==== Data provided ====
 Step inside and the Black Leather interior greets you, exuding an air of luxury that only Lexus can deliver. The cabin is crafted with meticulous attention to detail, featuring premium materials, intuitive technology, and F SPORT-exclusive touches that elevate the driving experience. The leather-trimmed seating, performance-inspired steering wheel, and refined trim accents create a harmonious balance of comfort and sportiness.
====
==== Data provided ====
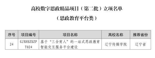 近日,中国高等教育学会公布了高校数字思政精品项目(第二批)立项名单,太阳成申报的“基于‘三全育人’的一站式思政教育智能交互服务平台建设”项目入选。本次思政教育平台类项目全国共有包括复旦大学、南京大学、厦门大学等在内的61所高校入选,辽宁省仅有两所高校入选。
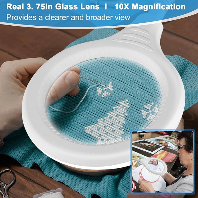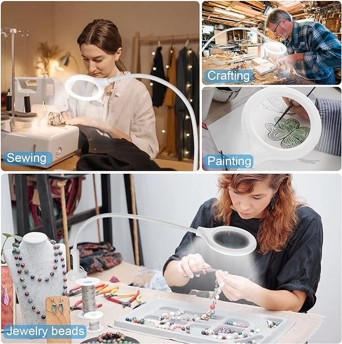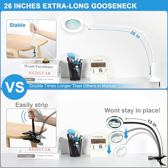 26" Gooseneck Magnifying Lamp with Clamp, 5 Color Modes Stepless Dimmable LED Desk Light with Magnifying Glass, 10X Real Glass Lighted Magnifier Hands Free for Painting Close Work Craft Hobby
====
[Task requirements]: For this exercise, reproduce exactly the lines of the records above from the one with "近日,中国高等教育学会公布了" up to and including the one with "Work Craft Hobby", without pictures.

[Solution]:
 近日,中国高等教育学会公布了高校数字思政精品项目(第二批)立项名单,太阳成申报的“基于‘三全育人’的一站式思政教育智能交互服务平台建设”项目入选。本次思政教育平台类项目全国共有包括复旦大学、南京大学、厦门大学等在内的61所高校入选,辽宁省仅有两所高校入选。
 26" Gooseneck Magnifying Lamp with Clamp, 5 Color Modes Stepless Dimmable LED Desk Light with Magnifying Glass, 10X Real Glass Lighted Magnifier Hands Free for Painting Close Work Craft Hobby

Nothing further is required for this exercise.